## Requirement
Nothing but the lines below between the line holding "こちらお値段です。カマアイナはハワイ州民割引で15%オフ。" and the line holding "Comfortable Accommodations: Hampton", inclusive, should appear in the answer, each set down exactly.

## Given data
----------------------------------------
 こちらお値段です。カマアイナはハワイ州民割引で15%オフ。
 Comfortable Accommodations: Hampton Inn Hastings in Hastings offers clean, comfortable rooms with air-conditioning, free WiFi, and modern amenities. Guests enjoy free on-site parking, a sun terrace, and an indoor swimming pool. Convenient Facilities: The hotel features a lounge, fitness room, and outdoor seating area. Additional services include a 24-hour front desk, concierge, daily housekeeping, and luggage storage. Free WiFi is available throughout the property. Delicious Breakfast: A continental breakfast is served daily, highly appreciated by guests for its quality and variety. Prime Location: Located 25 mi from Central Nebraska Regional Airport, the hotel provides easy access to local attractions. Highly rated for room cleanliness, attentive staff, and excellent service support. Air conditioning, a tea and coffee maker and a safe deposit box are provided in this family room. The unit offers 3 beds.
----------------------------------------
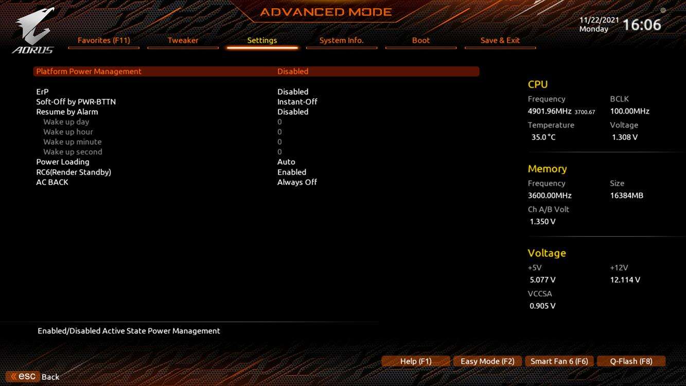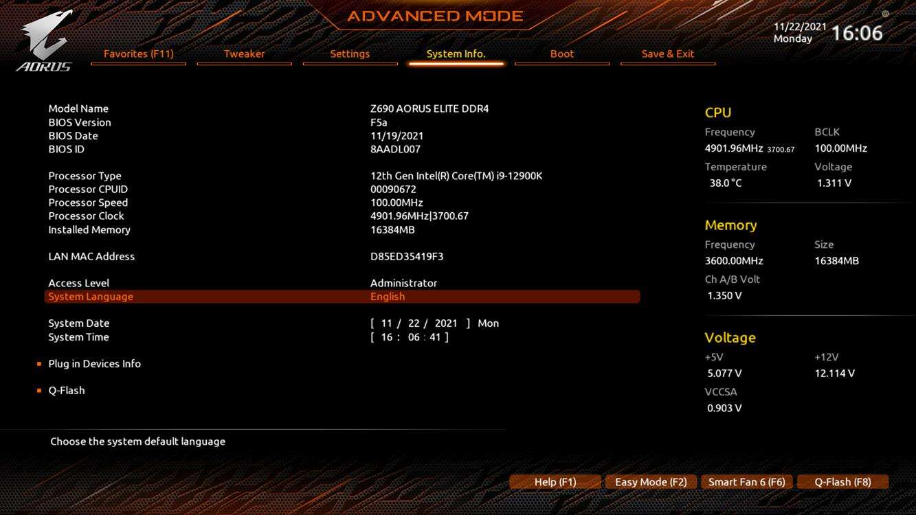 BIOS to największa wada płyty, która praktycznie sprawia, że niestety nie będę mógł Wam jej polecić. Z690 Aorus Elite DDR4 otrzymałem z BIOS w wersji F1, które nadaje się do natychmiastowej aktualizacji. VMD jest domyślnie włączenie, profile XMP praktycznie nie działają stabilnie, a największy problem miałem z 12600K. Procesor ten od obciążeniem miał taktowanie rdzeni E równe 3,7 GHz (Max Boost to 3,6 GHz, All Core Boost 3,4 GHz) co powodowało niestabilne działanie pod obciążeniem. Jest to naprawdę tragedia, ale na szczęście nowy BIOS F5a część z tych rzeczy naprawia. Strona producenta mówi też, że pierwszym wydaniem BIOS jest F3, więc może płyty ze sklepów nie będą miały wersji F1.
----------------------------------------
## Answer for the task
 こちらお値段です。カマアイナはハワイ州民割引で15%オフ。
 Comfortable Accommodations: Hampton Inn Hastings in Hastings offers clean, comfortable rooms with air-conditioning, free WiFi, and modern amenities. Guests enjoy free on-site parking, a sun terrace, and an indoor swimming pool. Convenient Facilities: The hotel features a lounge, fitness room, and outdoor seating area. Additional services include a 24-hour front desk, concierge, daily housekeeping, and luggage storage. Free WiFi is available throughout the property. Delicious Breakfast: A continental breakfast is served daily, highly appreciated by guests for its quality and variety. Prime Location: Located 25 mi from Central Nebraska Regional Airport, the hotel provides easy access to local attractions. Highly rated for room cleanliness, attentive staff, and excellent service support. Air conditioning, a tea and coffee maker and a safe deposit box are provided in this family room. The unit offers 3 beds.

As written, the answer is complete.